Header Ads

Header Ads

Koniec czarowania

Wprost przepiękna, wypoczynkowa pogoda. Słońce na przemian daje czadu i odpuszcza zasłaniając się lekkimi chmurami. Idealnie do wypoczynku lub lekkiego bieganka w górach.  A mnie niestety aż skręca z bezczynności.  Sezon, można rzec, w pełni, lecz niestety będę musiała odpuścić na kilka miesięcy. Tzn. obiecali, że przy dobrych układach może się skończyć na trzech miesiącach bez jakiegokolwiek treningu.

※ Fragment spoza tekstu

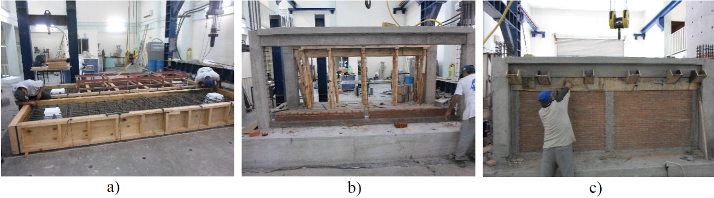 En todos los casos, el marco se construyó primero, y después de siete días, el marco se rellenó con un muro de mampostería. Monolíticamente con la viga del marco, se construyó una losa de 100 mm de espesor para conectar al espécimen con la viga de acero utilizada en el sistema para aplicar la carga lateral. Para los muros con elementos de confinamiento, se construyó una dala de desplante sobre la cimentación, en la cual se anclaron los castillos del muro (Figura 11b). Los castillos se colaron después de que la mampostería se construyó. Para garantizar que el marco estuviera en contacto con el muro, se construyó una dala de cerramiento con el sistema de colado que se muestra en la Figura 11c. Se vertió concreto con un revenimiento mayor a 180 mm a través de ventanas en la cimbra, mismas que se observan en la Figura 11c. El concreto acumulado en dichas ventanas proporcionó la presión hidrostática suficiente para rellenar completamente la dala de cerramiento. Una vez que el concreto fraguó, el exceso se removió mediante un dispositivo mecánico de corte. En la parte superior de cada columna, se ancló una placa de 19.1 mm de espesor para conectar el sistema usado para aplicar la carga vertical. En los especímenes sin elementos de confinamiento, el muro se construyó directamente sobre la cimentación y la mampostería se puso en contacto con el marco con el mismo mortero que se utilizó en las juntas.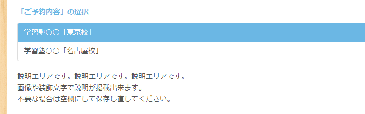 「「予約フォーム」の説明」を登録すると店舗(教室)ごとの説明テキストを表示させることも可能です。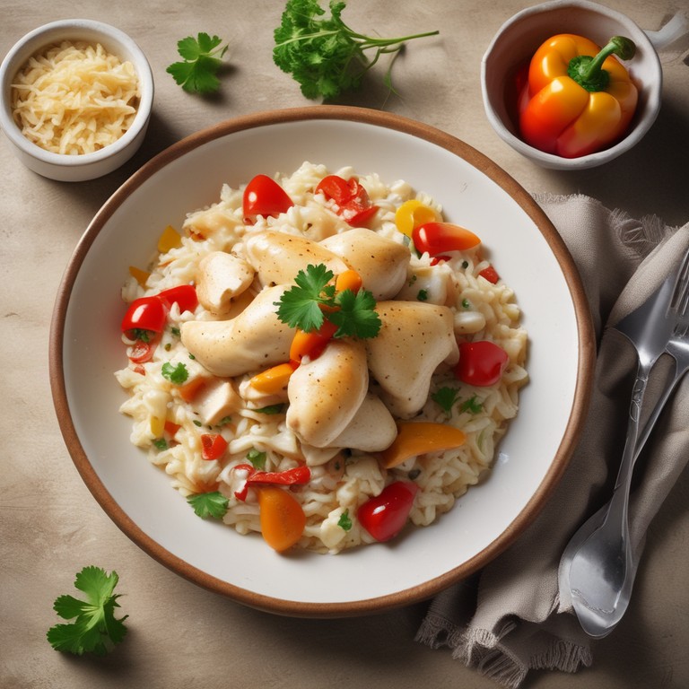 Dit gerecht combineert malse kipfilet met kleurrijke paprika's en een romige saus, geserveerd op een bed van rijst. Perfect voor een doordeweekse maaltijd!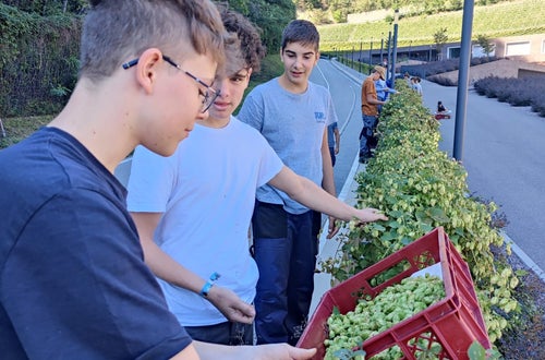 In der Ausbildung Lebensmitteltechnik erlernen die Schüler*innen in der Praxis Landwirtschaft auch die Produktion von Lebensmittels selbst. Gerade bei der Ernte sind erlernen die zukünftigen Lebensmitteltechniker*innen die Qualitätskriterien zu prüfen.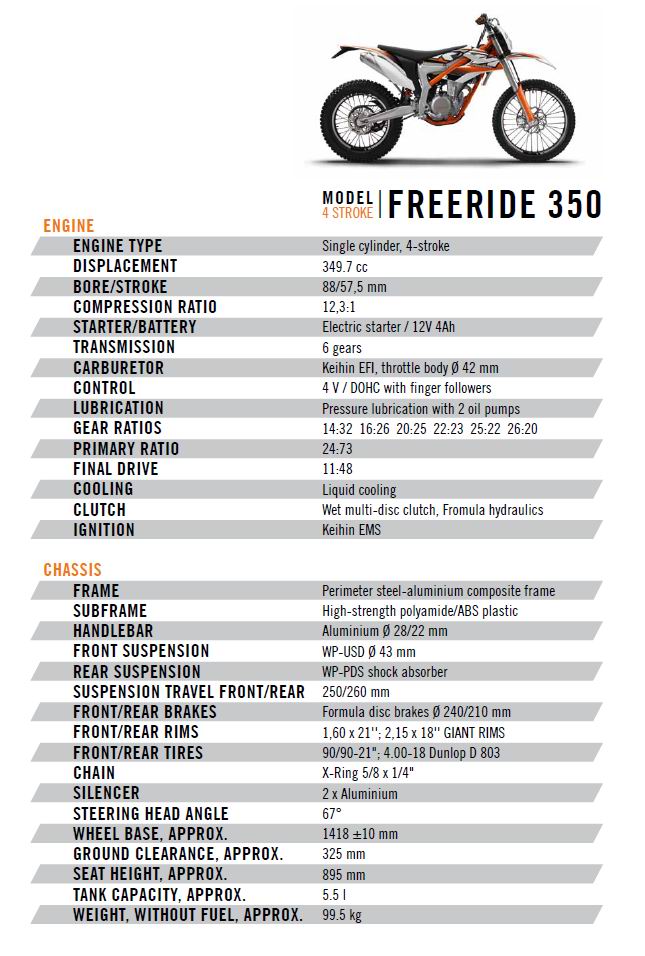 搭配350cc的四行程DOHC引擎(採2011年350 EXC-F車款上的引擎),強調重量輕巧,適合初階者進入越野騎乘的領域。FREERIDE 350整車僅有99.5Kg,23匹馬力的動力已足以做出基本的越野動作。雖然是輕型的入門車款,但依然配備有WP的前懸吊及後避震器,配色則以KTM的專用三色(橘黑白)輕鬆地搭配出亮麗的車色。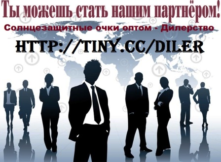 Ведущая Компания - солнцезащитные очки оптом. Приглашаем партнёров-дилеров в регионах. Гарантия эксклюзивности, дилерская цена, профессиональная поддержка, хорошие условия. Очки Sensus, Nox, City Vizion, Kool Kids, View Optics, MLook, Cosmo, Polar View, Polar Glare, Avanglion, Ozzie, Toxic, Retro, Rolling, AbOriginal. Самые продаваемые, стили, категории, расцветки. Мужские очки, женские очки, детские очки, спортивные очки, поляризованные очки, ретро очки, авиатор, очки Wayfarer, клубные очки, очки для водителей, очки для чтения. Подробно на сайте http://tiny.cc/diler |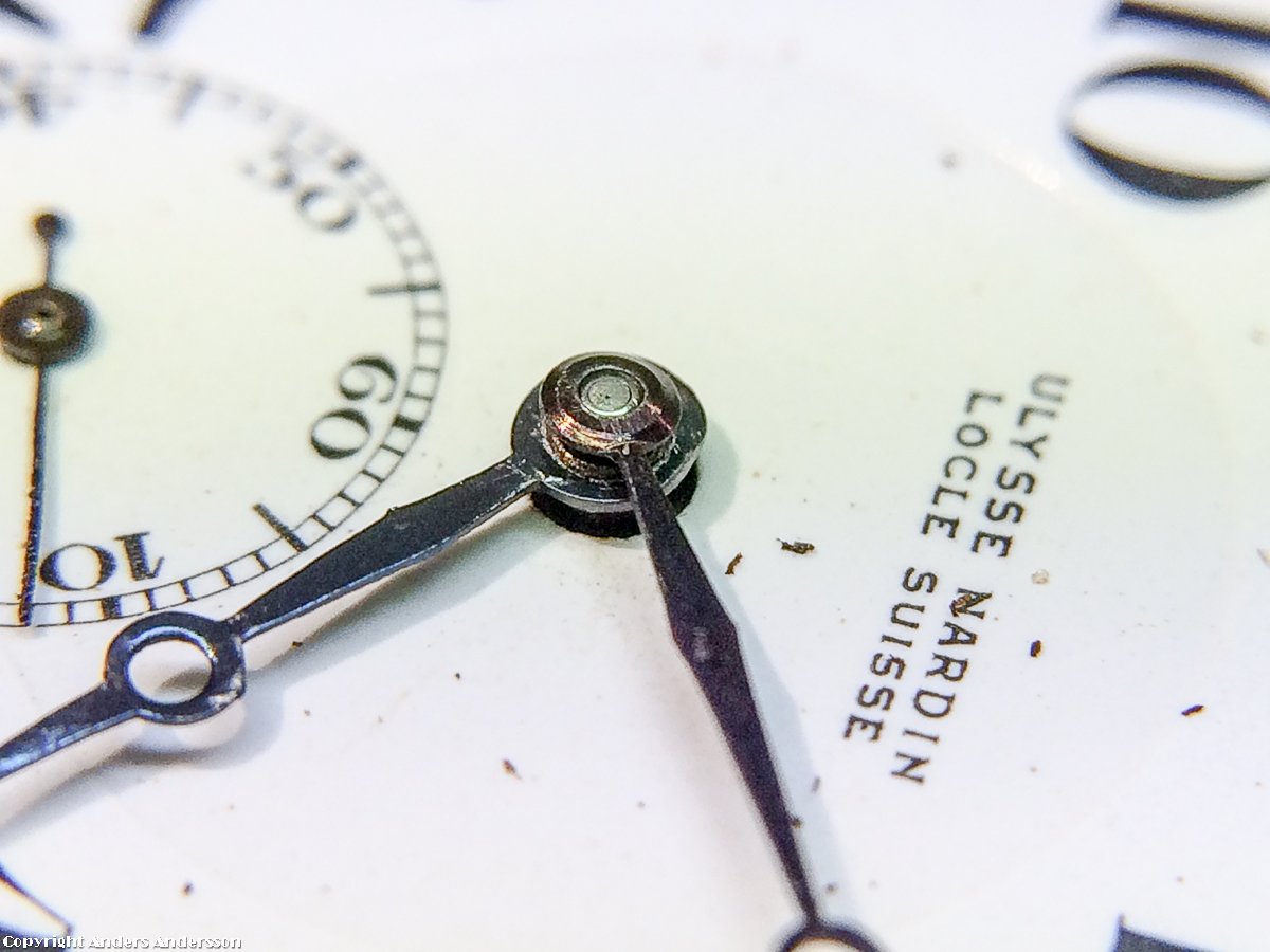 20150203-iPhone-0094 Publicerat 7 februari, 2015 kl. 1200 × 900 i Ulysse Nardin 233725 Detalj av urtavlan. Olika färg på visarna antyder att de bytts ut vid något tillfälle.

Aż chce się warczeć!
Poplanowane starty praktycznie do końca roku a tu lipa. Ale jak to mówią - zdrowie ważniejsze.
Od wczoraj sakramencko nudzę sie w szpitalu. Operację mam zaplanowaną na poniedziałek, więc przez weekend same nudy. Pogoda cudna, nic mi nie robią, to chciałam wyjść na weekend na przepustkę - no bo w sumie po co w takich układach bezczynnie leżeć? No i co się dowiedziałam? Otóż NFZ wymyślił, że nie ma przepustek! Skończyło się dobre! Więc pytam: dlaczego? Taki system!
Ale jeśli wszystko pójdzie dobrze, to we wtorek "wracam do żywych" ☺ . I nie myślcie sobie, że jak nie mogę biegać, to mnie już nie zobaczycie na zawodach!  Bo przecież chodzić będę mogła 😃 i robić zdjęcia. Jak dobrze pójdzie, to za tydzień w Raciborzu będę wam dopingować.